So how does learning work?

I've asked a lot of people how learning works and nearly every time the response is synaptic plasticity. It refers to the curious process by which synapses - connections between neurons - strengthen or weaken in response to co-occurring activity in neurons, and I probably hear about it more often than anything else in the neuroscience universe.

Still, it's a bit odd, equivalent to asking a computer scientist how computer programs work and receiving an answer instead about how a transistor switches state. So how does learning actually work? Either the neuroscience community hasn't figured it out yet, or they're delighting in leaving us on a cliffhanger.

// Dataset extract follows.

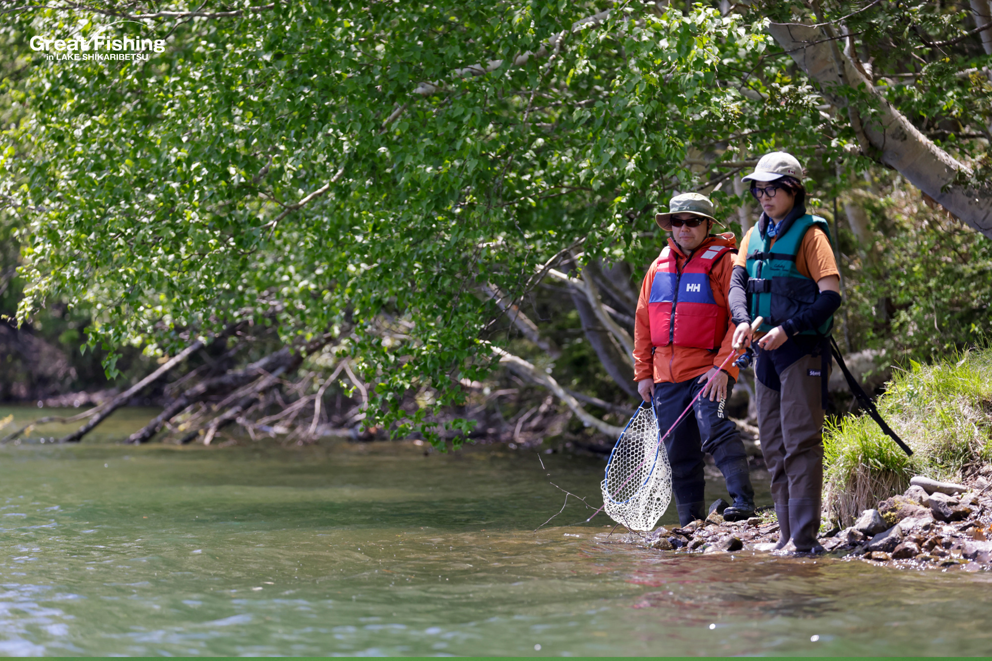 音更湾中央ガレ場⑩で(ルースニング+#10ニンフ)または、(シンキングラインタイプ3/4+#6ストリーマー)をカウントダウン50秒沈めてリトリーブしてミヤベイワナ(30㎝)、ニジマス(35㎝、51㎝)2匹がヒット(小野さん/岐阜県)他。

I went and tried to uncover what we know and don't know about how learning actually works. I also took a deep dive into some selected works with ideas that I found particularly interesting and share them here in as plain of English as possible.

Broadly, there seems to be three interesting approaches. One: you could measure things in the brain directly. This is a hard thing to do in the case of anything that involves organic material, and in particular establishing a causal link between synaptic activity and behavioural output would require a large number of simultaneous recordings in vivo (Humeau and Choquet, 2019). Short of a perfect experiment like that, we could ask other questions about the brain's physical structures, hoping to infer processes from substrate.

Two: you could take what you already know about the substrate and design learning algorithms that match biological constraints. You run simulations on your models, test how well they learn empirically, and iterate on the design of your models using their performance as your guiding light.

Three: you can create models that work empirically and theorize about their similarity to biological learning. This seems a bit ridiculous, but given that we've managed to create our own working learning algorithms in the past few years by way of ANNs, we can ask questions about whether there are similar mechanisms in the brain. In one direction you have neuroscience informing the design of better AI, in another you have novel, performative ANN designs, which may inspire theories about neuroscience.

Not to say that these approaches are mutually exclusive—in fact, they are required to inform each other. But I think it's a good layout for our exploration.

Background

First, a little bit of definition. Learning is when the brain takes in new information—from any sensory modality—and either stores it or represents it in a way that modulates future activities. It includes a broad range of tasks like motor training, object recognition, and explicit memory formation. Clearly, this is happening all the time in humans and is arguably the substance of intelligence.

To understand learning is to figure out what's happening at the synaptic, cellular, and network levels during learning.

Synaptic plasticity

Synaptic plasticity can be thought of as the atomic subunit of learning. We discovered this fairly early on, as scientists in the late 1800s found that an adult and a baby have roughly the same number of neurons. In other words, new knowledge could not be the result of new neuron production, and information must instead be contained in the connections between neurons. The 1950s were when Donald Hebb proposed how this might arise—coincident activity in the pre- and postsynaptic neurons would strengthen the synapse, making the postsynaptic neuron more sensitive to future activity (Hebb, 1949).

Long-term synaptic plasticity was discovered in the 1970s (Bliss and Lomo, 1973). It involves metabolic and structural changes to the synapse that increase (long-term potentiation, LTP) or decrease (long-term depression, LTD) the efficacy of signal transmission.

Figure 1. The process of long-term potentiation and long-term depression (Payeur et al., 2020). Coincident spiking increases the postsynaptic sensitivity to activity.

The canonical evidence for LTP and LTD comes from fear conditioning experiments where a cue is associated with a foot shock. The experiment is conceptually very straightforward: you have two coincident stimuli, and "learning" consists of associating one stimulus (the cue) with the other (the foot shock) upon further exposure to the first. After chemically blocking LTP, the animal no longer learns the association and does not respond to the cue.

LTP is highly illuminating for local circuits and simple processes involving few synapses. But what about explicit memories? Memories are known to be encoded in multiple neurons in complex and not entirely well-understood distributions across the cortex. Further, what about complex tasks involving hierarchical networks? It is hypothesized that brain networks are structured in a hierarchy from low-level receptors to high-level neurons in the cortex. How do you propagate LTP or LTD from a neuron in a higher-order area to neurons that are multiple synapses away?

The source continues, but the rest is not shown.